▶ [THE PROBLEM] Take the listing from its first line through the line that contains "我們企業(yè)骨干人員都是" and please retype those lines exactly, leaving out the pictures.

▶ [COLLECTED DATA]
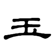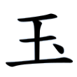 像串玉呈半圓的樣子,不失玉之形體。戰國文字一、二例多了飾畫,不影響其音、義;第三例顯然承自金文,最為簡明,為篆文玉之所本。字經隸書,形變作
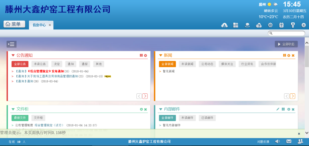 我們企業(yè)骨干人員都是從滕州同得利爐窯工程有限公司出來,所以說對通達(dá)OA已經(jīng)非常熟悉,幾乎我們沒有考慮其他家的OA直接定了通達(dá)。首先通達(dá)OA不論網(wǎng)頁端、手機(jī)端或者電腦端OA精靈,操作簡單,易上手,新員工入職只需按照要求下載,自己試著就可以應(yīng)用,操作非常簡單。
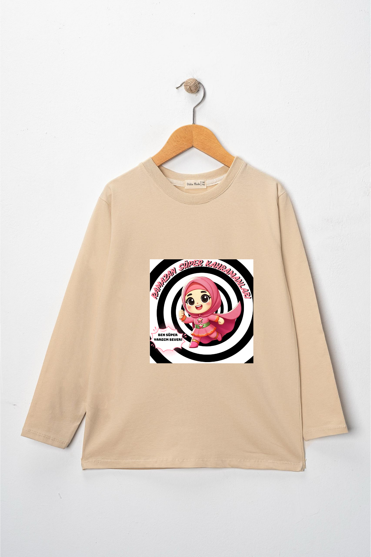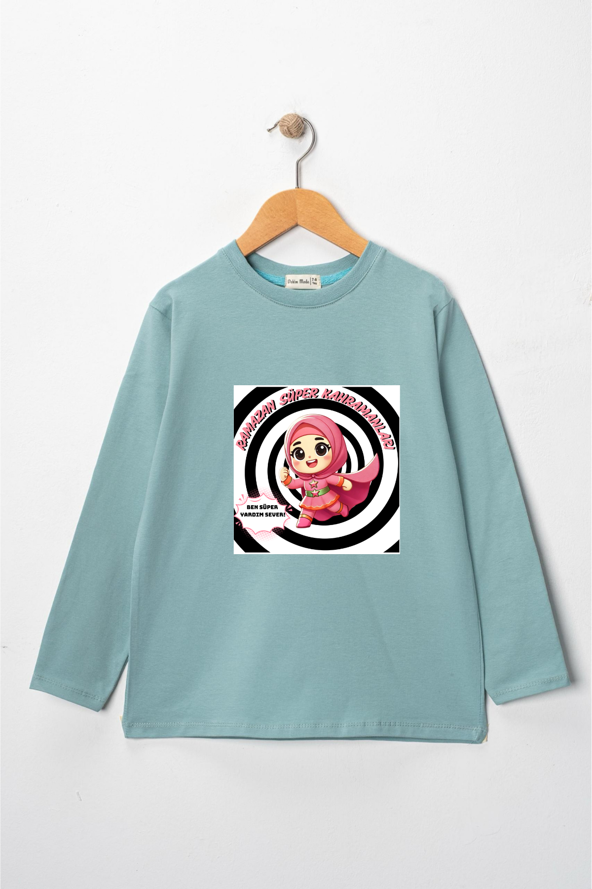 Kız Çocuk Uzun kollu, pamuklu, bisiklet yaka, baskılı t-shirt. İslami tema "Ramazan Süper Kahramanları"   baskılı özel tasarım üründür. Çocuk fıtratına uygun, çocukların sevebileceği görseller kullanılarak tasarlanmıştır. Değerli Ebeveyn, Birlikte yeni bir nesil için çabalayarak başarabiliriz, herkes bir ucundan tutarak kendi çocuklarını hayırlı evlat yetiştirme gayretinde olursa neslimiz için üzerimize düşeni yapmış olacağız.  Bu tişört tüm etkinliklerde çocuğuza çok güzel eşlik edecektir. Regular (rahat/bol)  kalıptır. Beden ölçülerine dikkat ederek yaşına uygun seçim yapabilirsiniz.  Mankenin ölçüleri boy 137cm  29kg  yaş 9 , Mankenin giydiği beden: 9-10 yaş %95 Pamuk %5 Elastan. Çok Yumuşak, esnek ve kaliteli bir üründür. Ekoteks Belgesi, kumaşın zararsız olduğunu ve herhangi zararlı bir kimyasal madde içermediğini beyan etmektedir. #Özel Ürün 30 Derecede makinede yıkanabilir • Beyazlatıcı kullanımı önerilmez • Kurutucu kullanımı önerilmez • Tersten ve düşük ısı ile ütü önerilir

▶ [OUTPUT OF THE TASK]
 像串玉呈半圓的樣子,不失玉之形體。戰國文字一、二例多了飾畫,不影響其音、義;第三例顯然承自金文,最為簡明,為篆文玉之所本。字經隸書,形變作
 我們企業(yè)骨干人員都是從滕州同得利爐窯工程有限公司出來,所以說對通達(dá)OA已經(jīng)非常熟悉,幾乎我們沒有考慮其他家的OA直接定了通達(dá)。首先通達(dá)OA不論網(wǎng)頁端、手機(jī)端或者電腦端OA精靈,操作簡單,易上手,新員工入職只需按照要求下載,自己試著就可以應(yīng)用,操作非常簡單。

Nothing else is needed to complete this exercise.